For Airmen serving as Space Systems Operations (SSO) specialists (1C6X1), the date of 21 August 2022 has special significance: it will mark the 65th anniversary of the launch of the world’s first  intercontinental ballistic missile, or ICBM. Launched from a Soviet space facility in the Kazakhstan Steppe in 1957, the successful flight of the Russian R-7 missile forever changed the strategic and tactical considerations of the United States Department of Defense in general and of the Air Force in particular. It also ushered in entirely new concepts of warfare, ones that saw battle lines effectively being drawn hundreds of miles above the Earth’s surface.

The United States, of course, soon followed with development of its own ICBMs. Combined with the deployment of various commercial and military satellites, the threat of possible missile strikes made the creation of an Air Force specialty dedicated to monitoring the activity of vehicles in Earth orbit an existential necessity.

Today, Airmen serving in Space Systems Operations are tasked with the detection and identification of vehicles traveling in earth orbit and monitoring the parameters of those orbits (they’re also responsible with maintaining the orbital parameters of Air Force vehicles). A vast array of sensors deployed across the globe as well as on satellites are used to detect missile launches and track their flight paths.

Offensive and defensive space-control systems, many of them highly classified, are at the disposal of these Airmen, and consequently anyone seeking entry into this specialty must pass the exhaustive Single Scope Background Investigation. This level of security is especially critical for Airmen who’ve been given the task of replicating the space-based capabilities of adversarial nations and entities and are thus intimately familiar with their technologies.

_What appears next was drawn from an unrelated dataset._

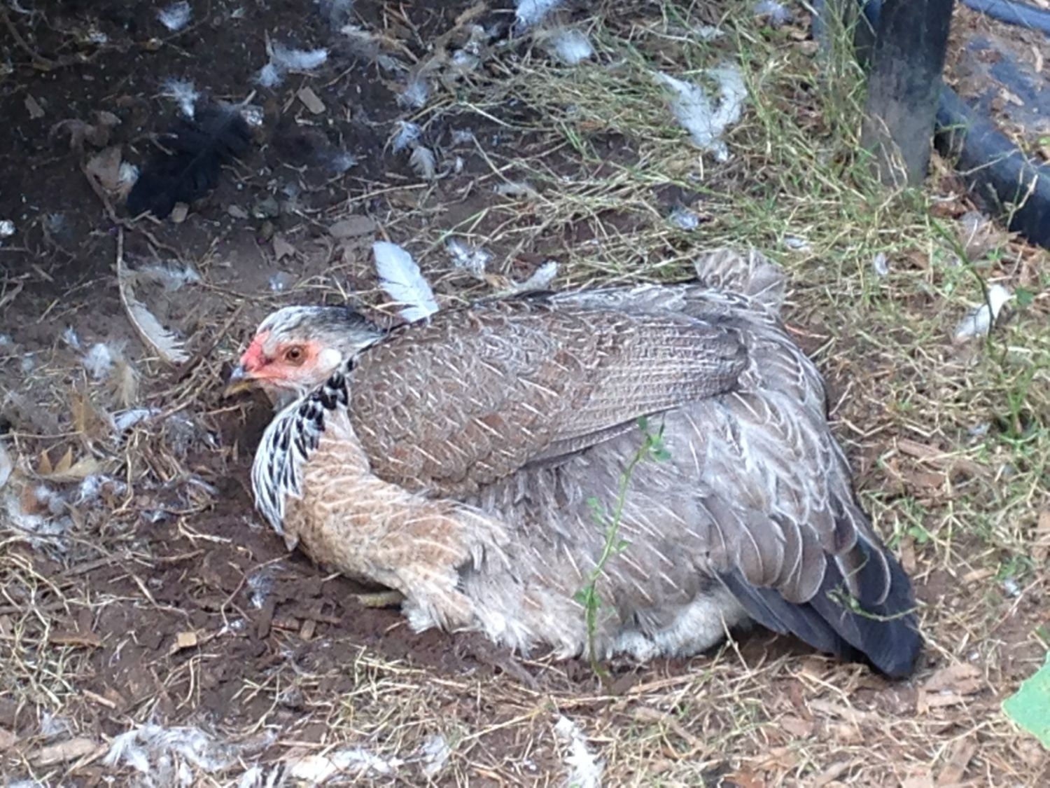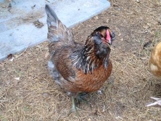 One of my only 3 Apenzeller Spitzhauben (cute little splash mohawk chicken) that I hatched myself. I could kick myself. It was such a bad day otherwise I wasn't thinking straight. The 2 year old woke up at 1:45am - 15 minutes before I was due to go to bed and then stayed up till 4:30am - one hour before we had to get up and get his brother ready and to school. So I got 1 hour sleep and then had a very cranky, screaming, half naked two year old I had to drag to the car and wrestle into a car seat. I so wasn't thinking "one of the roos will kill my chick while I am gone". *sigh* Then we came home and I had to carry my shoeless 2 year old (he's nearly 40 lbs and I am disabled with back, hip, leg and foot problems from 9 years in the army so that alone HURTS) and then I fell up the porch stairs carrying him. I managed to NOT drop him but ripped up my entire body pretty good. And then I found my dead chickie

Depending on their career paths, Airmen will carry out command and control duties at agencies such as the Missile Warning Center, the Joint Space Operations Center, and the NORAD/USNORTHCOM Command Center, to name a few—just another reason why successfully passing thorough background checks is so important for this specialty.

The award criteria for the Space Systems Operations badge is the same as for nearly all other occupations, with the Senior-level badge being awarded to Staff Sergeants or higher who have qualified at the 7-Skill level. Master-level badges are given to Master Sergeants who have logged a minimum of five years in the specialty at the 7-skill level or higher.